Fact: Even when you are taking antibiotics, you are not 100% safe from gonorrhea. If, for instance, you have been diagnosed with gonorrhea and are receiving antibiotic treatment for it, you are not advised to engage in any kind of sexual activity for the meantime so as not to endanger your sexual partner. Also, if, for example, your partner has been diagnosed with it and are receiving antiobiotic treatment for it, you cannot just start taking antibiotics to protect yourself and then still have unprotected sex with them. It is crucial that you have a serious discussion with your doctor about it to understand how gonorrhea treatment actually works.

Myth #3: You can get gonorrhea from public toilets.
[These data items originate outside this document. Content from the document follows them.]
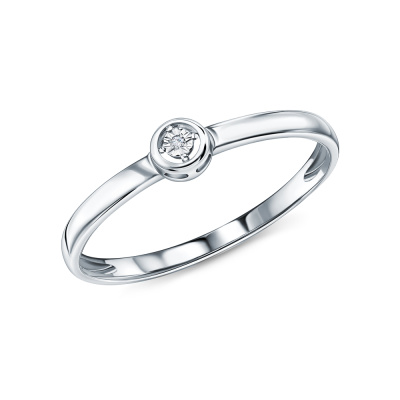Кольцо с 1 бриллиантом природным, 0.002 карат, огранка круг 17 граней, цвет 2, чистота 2, тип огранки А; Белое золото 585 пробы.
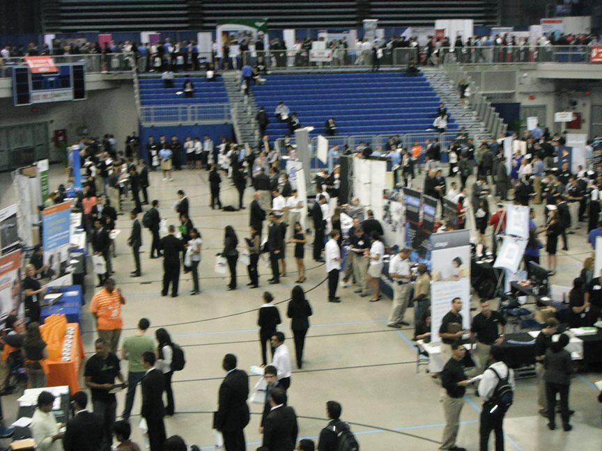 Instead of students in orange and blue in the O’Connell Center, hundreds of students in dark suits were lined up to talk with perspective employers about internships and jobs. More than 250 businesses participated in UF’s Career Showcase.
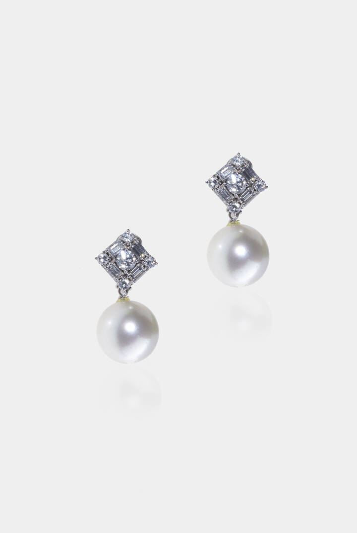 in oro bianco, a clip, con ai lobi elementi quadrati in diamanti taglio brillante e baguette per totali ct 2,50 ca, terminanti con due perle australiane del diam di mm 14

Fact: The bacteria that cause gonorrhea, as well as the other types of sexually transmitted infections, cannot survive outside of the human body, so there is no way they can stay alive on a toilet seat, just waiting for a chance to strike another victim. This idea that you can get STIs via the use of public toilets is a complete myth that everyone should stop believing in.

Myth #4: There is no known cure for gonorrhea.

antibiotic capsules

Fact: We are so fortunate that we live in a time when treatments for different kinds of diseases, including gonorrhea, exist. If gonorrhea is diagnosed early on, it can easily be cured using antibiotics. Usually, doctors prescribe gonorrhea patients with cefixime or cetrifiaxone, which are injectable medications, and azithromycin, which is a tablet, to be taken for a number of weeks until the infection is totally eradicated. However, if your gonorrhea is detected late, treating it might be more challenging, and undoing the damage it has done to your body might be impossible. The importance of early detection and diagnosis cannot be emphasized enough for the efficacy of the treatments available.

Myth #5: Only adults are in danger of contracting gonorrhea.

Fact: While a significant number of cases of gonorrhea involve adult men and women, there are times when the infection strikes babies too. If a woman who has gonorrhea gets pregnant or if a pregnant woman gets infected with gonorrhea, she can transmit the bacteria to her child during child birth. When this happens, the baby can suffer from eye infections that may eventually lead to blindness. This is why it is crucial that pregnant women undergo gonorrhea testing to find out whether they are infection-free or not, and lower the risk of passing the STI on to their babies.